After successfully completing a Stefani using ivy and flowers, we went on to Party of One at Crate next door to see Lisa Milroy’s performance painting http://www.lisamilroy.net/c/1000007/performance-paintings.
There were two performances – the first with her usual performer and the second with Joanna. After the performances, the small group of us there had a wide-ranging discussion about the idea of the self/selves in a painting, the instructions a painter might give herself when working and how the ‘real’ is incorporated into a work, the act of ‘making’, which tied in nicely with the Stefani project, time, labour and cooking. When Joanna performed, interestingly, her hesitations and vulnerability added something that had not been there in the first performance – creating a kind of disruption as well as bringing a real body into the work and possibly making the work less about the self.
No images of the performance: Lisa was very clear about not wanting photos taken during the actual performance.
Went down to the Jerwood gallery in Hastings yesterday and saw the William Scott exhibition and the collection upstairs, which includes a lovely painting by Wilhelmina Barns-Graham. I was sorry not to see more of Scott’s still lives, which I really love, but I suppose I shouldn’t have been surprised as the exhibition was called Divided Figure, after all.

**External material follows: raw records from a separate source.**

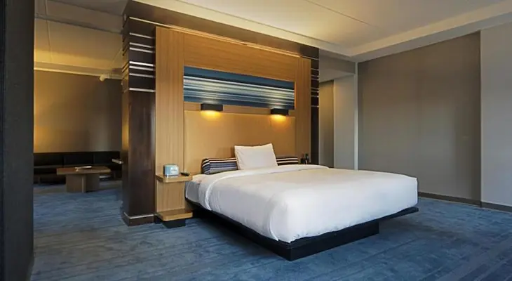 “Guests seeking a hip alternative to typical chain accommodations will find comfort and entertainment in the various offerings. ... This Aloft features 175 loft-style guest rooms.”
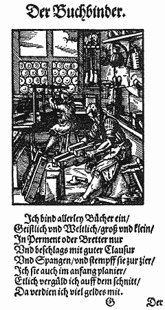 Более близкий к нашей теме пример - тиснение на кожаных книжных переплетах. Печатная книга полностью и без каких-либо изменений заимствовала переплетную технику рукописания, более подробный разговор о чем еще пойдет ниже. В этой области ни Гутенберг, ни его последователи не сказали ничего нового. В то же время в переплетном деле было много такого, что могло натолкнуть на мысль о полиграфическом процессе.
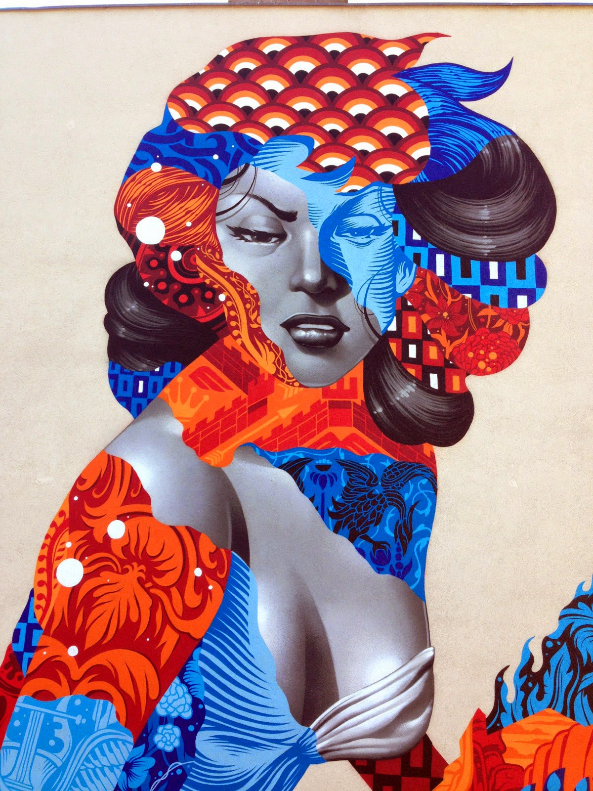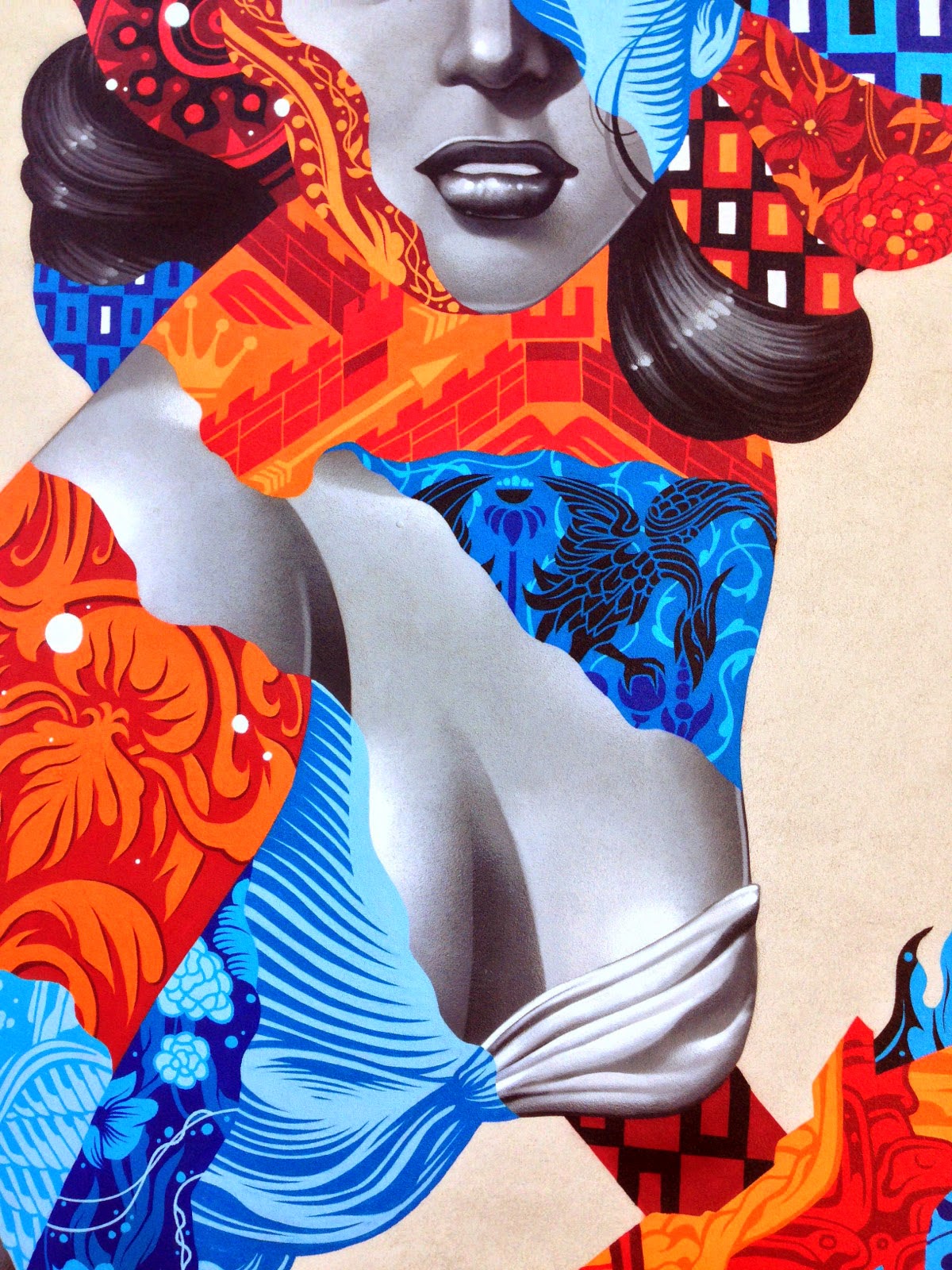 Painting on the streets of Berlin, the American muralist dropped this fantastic new piece showing his a remix of the iconic “Attack of the 50 Foot Woman” movie poster.

I didn’t really go for the painted figures much, although I enjoyed the charcoal drawings.
Also on show were eight of the Chapman brothers’ Exquisite Corpse series. They seem particularly relevant at the moment. Death, war, bodies in parts …
Think I have some “interim” titles for my latest pieces. My titles tend to be a combination of the feelings at the time of making the work and how the work makes me feel afterwards. Ideas often come while walking the dog. I did toy with walking the dog #1, walking the dog #2 but I think that would get tedious.
Had a wonderful couple of hours in the studio today after a trip to the tip, homebase, park and the garden centre. All this despite only emerging from bed at 9am.
I think the work lies somewhere between painting and drawing.
Yesterday I was involved in the Dover Big Local conversation event, leading on a mapping project. The map worked really well as a way to start a conversation and encouraging people to write their comments on the acetate sheets I had layered over the top. I want to work on it a bit more now – add in some images for example. At the next event, I’ll put a fresh layer of acetate over the map and gradually build up the layers.
Why paint?
I typed that into my browser and came across this http://www.ktauches.com/WHY_PAINT_NOW.html
Some of the reasons put forward really strike a chord:
As I explore the reaches of technology for economic reasons, I have become more interested in how analog and “outdated” technologies can be a punk stance against corporate typography and graphics. A jpeg can travel social networks, but the painting can maintain a stubborn resistance to both Benjamin and the market. –Mark Leibert
In a world that is increasingly disembodied through technology, paint remains a way of embodying. –John Otte
I could also ask why I even try to paint, when the very thought of painting’s history should be enough to make me stop. That said, I am interested in what I can do with it, for now.